Generate Vocabulary Management Profiles (vmp) for an individual text or corpus (text datasets).

from vmp import VMP, LoadData

# Example 1: Using a list of strings
data = ["This is the first text.", "Here is the second text."]
result = VMP.calculate(
    data=data,
    delta_values=[9, 11],  # Select odd number/s for delta values
    common_words_option='both',  # Options: 'yes', 'no', 'both'
    num_common_words=1000,  # Optional parameter for number of common words
    common_words_url='https://raw.githubusercontent.com/first20hours/google-10000-english/master/google-10000-english.txt',
    # common_words_file='path_to_your_common_words_file.txt',  # Alternatively, use this
    clean_option=True  # Default is True
)
print("Results for list of strings:")
print(result)

# Example 2: Using a DataFrame with .txt files
data_loader = LoadData()
df_txt = data_loader.load_data('path_to_your_txt_files_directory', file_type='txt')
result_txt = VMP.calculate(
    data=df_txt,
    delta_values=[9, 11],  # Select odd number/s for delta values
    common_words_option='both',  # Options: 'yes', 'no', 'both'
    num_common_words=1000,  # Optional parameter for number of common words
    common_words_url='https://raw.githubusercontent.com/first20hours/google-10000-english/master/google-10000-english.txt',
    # common_words_file='path_to_your_common_words_file.txt',  # Alternatively, use this
    clean_option=True  # Default is True
)
print("Results for DataFrame with .txt files:")
print(result_txt)

# Example 3: Using a DataFrame with .csv file
data_loader = LoadData()
df_csv = data_loader.load_data('path_to_your_csv_file.csv', file_type='csv')
result_csv = VMP.calculate(
    data=df_csv,
    delta_values=[9, 11],  # Select odd number/s for delta values
    common_words_option='both',  # Options: 'yes', 'no', 'both'
    num_common_words=1000,  # Optional parameter for number of common words
    common_words_url='https://raw.githubusercontent.com/first20hours/google-10000-english/master/google-10000-english.txt',
    # common_words_file='path_to_your_common_words_file.txt',  # Alternatively, use this
    clean_option=True  # Default is True
)
print("Results for DataFrame with .csv file:")
print(result_csv)

# Example 4: Using a DataFrame with .gz file
data_loader = LoadData()
df_gz = data_loader.load_data('path_to_your_gz_file.gz', file_type='gz')
result_gz = VMP.calculate(
    data=df_gz,
    delta_values=[9, 11],  # Select odd number/s for delta values
    common_words_option='both',  # Options: 'yes', 'no', 'both'
    num_common_words=1000,  # Optional parameter for number of common words
    common_words_url='https://raw.githubusercontent.com/first20hours/google-10000-english/master/google-10000-english.txt',
    # common_words_file='path_to_your_common_words_file.txt',  # Alternatively, use this
    clean_option=True  # Default is True
)
print("Results for DataFrame with .gz file:")
print(result_gz)

The package contains all preprocessing.
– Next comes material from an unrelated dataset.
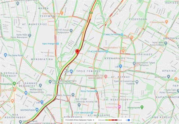 Σημειώνεται στο σημείο επικρατεί αυξημένη κίνηση, καθώς η κυκλοφορία των οχημάτων πραγματοποιείται μόνο από τη δεξιά λωρίδα.

Only the delta_x and stopword list need to be specified.

Input

The VMP.calculate method requires a text or corpus input. These can be loaded either as an individual .txt document, a directory, or corpus, containing multiple .txt documents, or a .csv or .gz file where each row contains the text of a particular document. (supports .txt and .gz files).

Output

The vmp.calculate function returns a dictionary where the results are structured as follows:

index: The index position of the interval in the original text.
last_pos: The position of the last token in the interval within the original text.
avg_score: The average score for the interval, representing the relative distance of repeated tokens within the window.
last_word: The last word in the interval.
context: The text within the interval, providing context for the analysis.
last_previous_position: A dictionary showing the last previous position of each token in the interval before the current window.
filename: The source filename or identifier of the text being analyzed.
delta_x: The size of the interval (window) used in the analysis.
vocab_option: Indicates whether common words were replaced with 'x' (commonYes) or not (commonNo).

Installation

pip install vmp

pip install git+https://github.com/matthewdurward/vmp.git

How It Works

Vocabulary Management Profiles (VMPs) were initially conceived by Youmans (https://journals.sagepub.com/doi/abs/10.2190/BY6N-ABUA-EM1D-RX0V) as a form of discourse and narrative analysis.

This package follows Youmans' implementation of the VMP2.2 (https://web.archive.org/web/20060911150345/http://web.missouri.edu/~youmansc/vmp/help/vmp22.html)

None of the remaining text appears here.